I never gained much experience with existing opensource implementations, but when I was building proprietary solutions at my previous workplace, the in-memory response time was measured in tens-hundreds of microseconds. The lower bound of latency is mostly defined by syscalls so using io_uring should in theory result in even better timings, even though I never got to try it in production.
If you read from nvme AND also do the erasure-recovery across 6 nodes (lrc-12-2-2) then yes, you got into tens of milliseconds. But seeing these numbers for a single node RAM DB just doesn't make sense and I'm surprised everyone treats them as normal.
Does anyone has experience with low-latency high-throughput opensource keyvalue storages? Any specific implementation to recommend?
Aren’t these numbers .2 ms, ie 200 microseconds?
If it is built into your language/framework, you can completely ignore the problem of updating the client, as it happens automatically.
Hope that makes sense.
Is there a plan to commercialise this product? (Offer commercial support, features, etc.) I could not find anything obvious from the home page.
I was typing that out and felt like something was wrong but couldn’t put my finger on what.
Would be great to disclose details of this one.

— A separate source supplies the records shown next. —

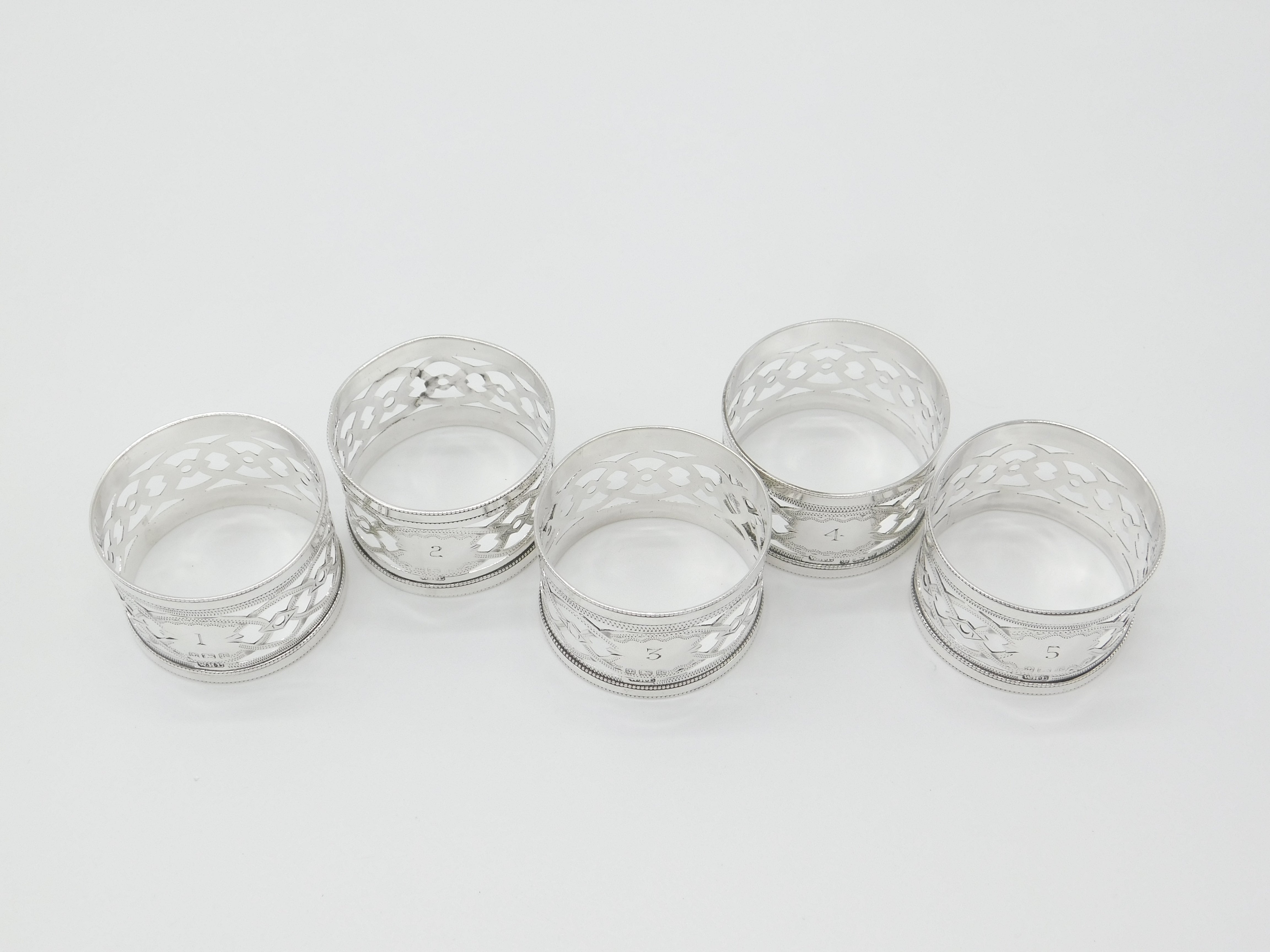 Set of Five Sterling Silver No. 1,2,3,4,5 Napkin Rings Antique 1909 Birmingham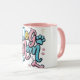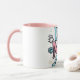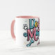 Dieses lustige und spielerische Tasse-Design enthält die Worte "Hunde-Mama", geschrieben in einem lebendigen, wirbelnden Drehbuch mit einer Mischung aus rosa, blau und gelb Schriftzeichen, in Schwarz dargestellt. Die Tasse ist spielerisch mit farbenfrohen Pfotendrucken in Blau- und Weißtönen dekoriert, und niedliche Knochenbilder in Rosa und Blau verstreut um den Text auf einem hellgrauen Hintergrund. Dieses Tasse-Design feiert die liebevolle Bindung zwischen einer Hundebüt und ihren wütenden Freunden und macht es zu einem fröhlichen Muttergeschenk und einer wunderbaren Tasse für jeden stolzen Hundemama.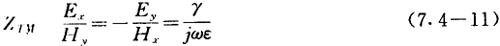 式中,v——TEM波在媒质中的波速,在真空中v=c。 由式(7.4-7)可知,vp>v,即矩形波导内TE波和TM波的相速大于TEM波的波速;vp是频率的函数,因此矩形波导是一种色散传输系统;vp与传播的波型有关。 3)群速vg 群速是等幅度点前进的速度,也就是能量传播的速度。群速vg与vp和v有如下关系: vgvp=v2 (7.4-8) 由上式知,矩形波导中波的群速小于TEM波的波速v。 4)波阻抗 矩形波导的波阻抗在数值上规定等于横向电场和横向磁场的比值。对于横电波(TE波),

I'm interested in using what DiceDB achieves higher throughput.
FYI this is a misspelling of "higher"
Anyway to persist data in case of reboots?
That's the only thing missing here.
Is Go the only SDK ?
But certainly you could build something to handle these and most other needs in this realm with mostly just redis, using streams for what needs to be more robust, in tandem with pub/sub, keyspace notifs, etc. in the areas they are suited to.
It’s written in Go.
These are the real numbers - https://dzone.com/articles/performance-and-scalability-analy...
Does not match with your benchmarks.
We had to write a small benchmark utility (membench) ourselves because the long-term metrics that we are optimizing need to be evaluated in a different way.
Also, the scripts, utilities, and infra configurations are mentioned. Feel free to run it.